I am an ex-smoker.  When asked why I smoked cigarettes I had two basic answers, “I like dying slow”, and “they give me something to look forward to” (hope).  The first was a rebellious embrace of my finite existence; the second was a mock faith.  I could have just said “I'm addicted,” because these are the same motives that exist for me in any addiction.  An addiction is a fix that makes you feel positive quickly, and leaves you empty and wanting more.  It seems to me that in affluent areas cigarette smoking is on the decline because there is a different consciousness around health.  More and more people are being mindful of what they put into their bodies and therefore less people are getting addicted to cigarettes.

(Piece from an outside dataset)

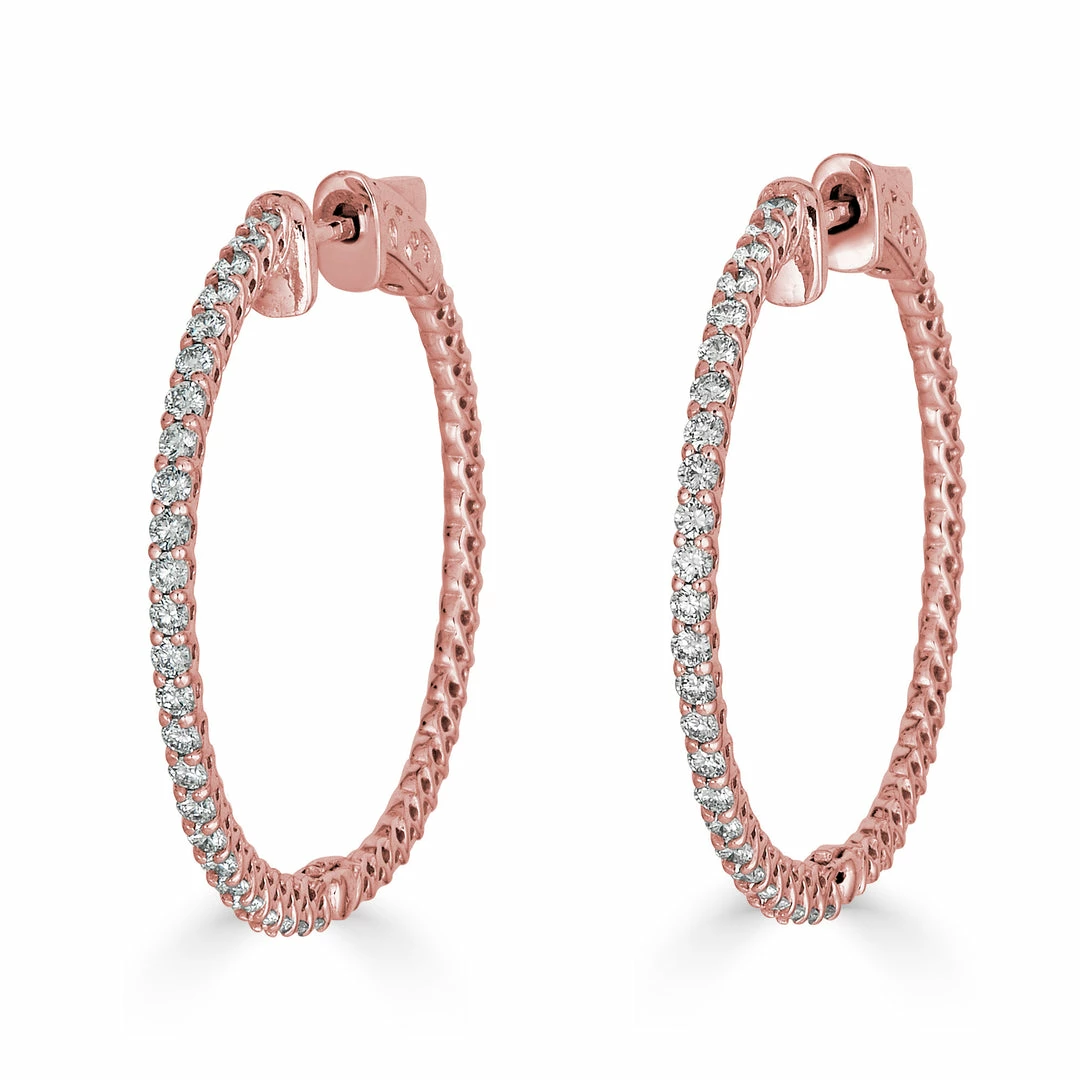 This pair of 14K white gold hoop earrings is a classy way to showcase your daily style. It features a total of 1.12 carats of GH-SI diamonds that is prong-set in each earring. The diamonds are evenly spaced, allowing the pair to be worn in a variety of ways. It is designed to sit flush on the ear, making it the perfect set to complete any outfit, any season, and any occasion.

I often like smokers because their struggle to live, to choose life is overt, meaning anybody who smokes is playing with death.  I like smokers because life is hard and when I see others struggling to choose life as I do I feel like we are comrades in this sacred struggle.  I don't think this struggle to choose life is declining with the declining rate of cigarette smoking in affluent areas however.  I think this struggle is just becoming more covert.  People are more obsessed with physicality and appearance than before.  I would rather live in a world where people overtly poison their body than a world where they covertly, unknowingly poison their psyche or spirit and the spirit of others.  I am speaking of the absurd and meaningless tidbits of death that we absorb all day in our greedy, mindless, addicted consumer culture.  Whether it be on the Internet, television, in the stores or market, on the radio or during water cooler conversation, we are a society addicted to the quick fix and left feeling empty.

 

So I am introducing a metaphor to identify these addictive qualities embedded in the fabric of our culture, I am calling them cigarettes for the psyche.  One can see second hand smoke drifting towards them like some kind of wondering poltergeist.  However let me show a more subtle example, that we are all subjected to, and don't give much thought.  In listening to the news, they were reporting on twenty teenagers that were murdered (murdered!) in Chicago in the last seven days and then switched to talking about a new local hot dog stand that had opened.  The differentiation in tone and emotion when talking about hot dogs and murder was minimal.  Cigarettes for the psyche!  Or the fact that the most popular videos on the Internet are cats and pornography, (I won't make the crude but obvious connection) cigarettes for the psyche!  So what I'm proposing is that we put huge labels on our modern cultural propaganda that say “cigarettes for the psyche.” These may contain spiritually harmful agents that are known to slowly eat away at your soul damning you to a life of meaninglessness and degradation.  We perhaps will also have to make T-shirts to put on certain individuals such as Ryan Seacrest and Kim Kardashian, who are too corrupt to be redeemed (and all we can do is protect others from them).

I'm being sarcastic, however my hope is that at some point our society takes our spirit as serious as we are starting to take our bodies. Until this balancing of inner and outer occurs, I am afraid we are on a treadmill.